MATERIAL PROVIDED »
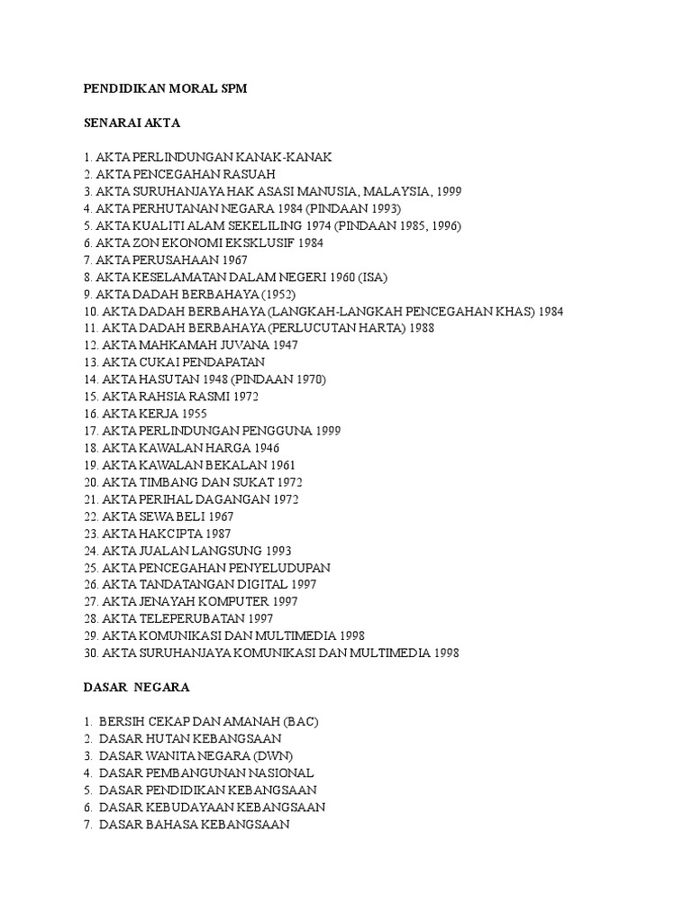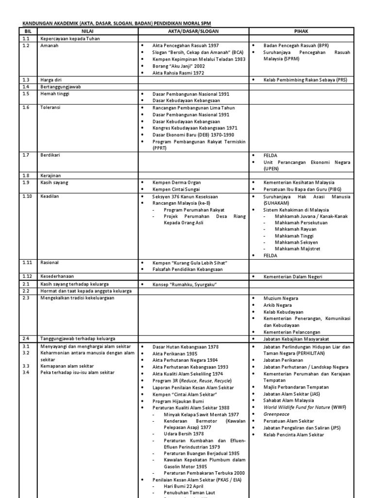 Akta dan dasar pendidikan moral tingkatan 4 dan 5. Pendidikan moral kod kertas : Akta dan dasar pendidikan moral spm. Akta dan dasar dalam mata pelajaran pendidikan moral spm (sijil pelajaran malaysia). For example, the question ask you to give two related moral values and the mark is 6m. Buku akta undang undang malaysia textbooks on. Pelaksanaan pendidikan wajib di peringkat rendah 2003 bertarikh 27 november 2002. Akta dan dasar pendidikan moral spm. Ilbs 20 undang undang malaysia akta syarikat 2016 akta 777 peraturan peraturan kaedah kaedah ilbs 2020 topbooks plt. Kandungan akademik akta dasar slogan badan pendidikan moral spm download pdf. Aku nak a+ pendidikan moral thursday, 2 august 2012. Akta pencegahan rasuah 1007 akta rahsia rasmi 1972 2. Kandungan akademik (akta, dasar, slogan, badan) pendidikan moral
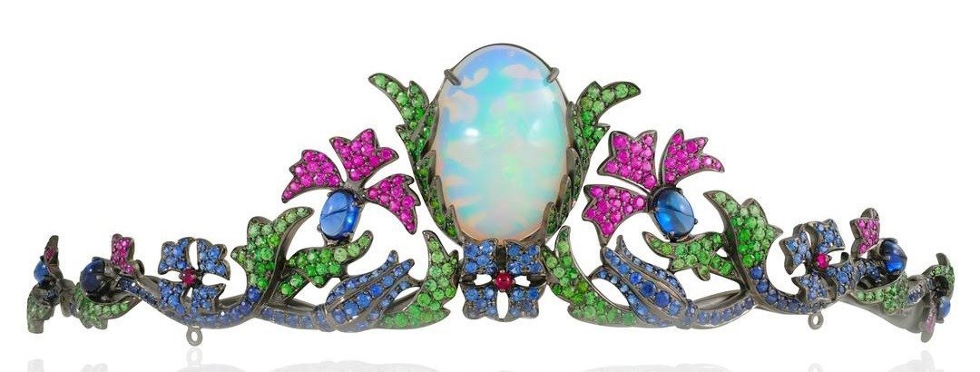 Тиарата е пълна с цвят, исторически препратки и странната креативност на Лидия, представлява клони и листа, изработени от различни на цвят сапфири, заедно с цаворити и рубини, подчертаващи впечатляващия опал Welo.
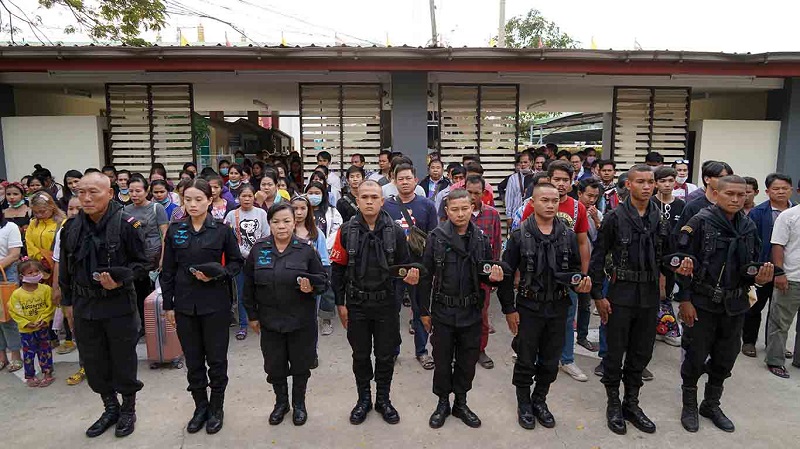 บรรยากาศเช้านี้ (11 ก.พ.) บริเวณด้านหน้ากองร้อยทหารพรานที่ 1201 ด่านผ่านแดนถาวรบ้านคลองลึก อ.อรัญประเทศ จ.สระแก้ว พ.ต.ชาญ ว่องไวเมธี ผู้บังคับกองร้อยทหารพรานที่ 1201 พร้อมกำลังทหารพราน รวมทั้งประชาชนทั้งชาวไทย และชาวกัมพูชาที่เดินทางข้ามแดนเข้ามาทำงานฝั่งไทย รวมทั้งประกอบอาชีพค้าขายในตลาดโรงเกลือนับพันคน ร่วมกันยืนสงบนิ่งเป็นเวลา 1 นาที เพื่อแสดงความไว้อาลัยให้กับผู้ประสบเหตุรุนแรงจากการกราดยิงของ จ.ส.อ.จักรพันธ์ ถมมา ที่จังหวัดนครราชสีมา เมื่อวันที่ 8-9 ก.พ.ที่ผ่านมา ทำให้ประชาชนและเจ้าหน้าที่เสียชีวิตถึง 30 ราย บาดเจ็บอีกกว่า 50 ราย.-สำนักข่าวไทย

ACTION ITEM » Take the material above from its first line through the line holding "Тиарата е пълна" and set it down exactly, without the pictures.

WRITTEN REPLY »
 Akta dan dasar pendidikan moral tingkatan 4 dan 5. Pendidikan moral kod kertas : Akta dan dasar pendidikan moral spm. Akta dan dasar dalam mata pelajaran pendidikan moral spm (sijil pelajaran malaysia). For example, the question ask you to give two related moral values and the mark is 6m. Buku akta undang undang malaysia textbooks on. Pelaksanaan pendidikan wajib di peringkat rendah 2003 bertarikh 27 november 2002. Akta dan dasar pendidikan moral spm. Ilbs 20 undang undang malaysia akta syarikat 2016 akta 777 peraturan peraturan kaedah kaedah ilbs 2020 topbooks plt. Kandungan akademik akta dasar slogan badan pendidikan moral spm download pdf. Aku nak a+ pendidikan moral thursday, 2 august 2012. Akta pencegahan rasuah 1007 akta rahsia rasmi 1972 2. Kandungan akademik (akta, dasar, slogan, badan) pendidikan moral
 Тиарата е пълна с цвят, исторически препратки и странната креативност на Лидия, представлява клони и листа, изработени от различни на цвят сапфири, заедно с цаворити и рубини, подчертаващи впечатляващия опал Welo.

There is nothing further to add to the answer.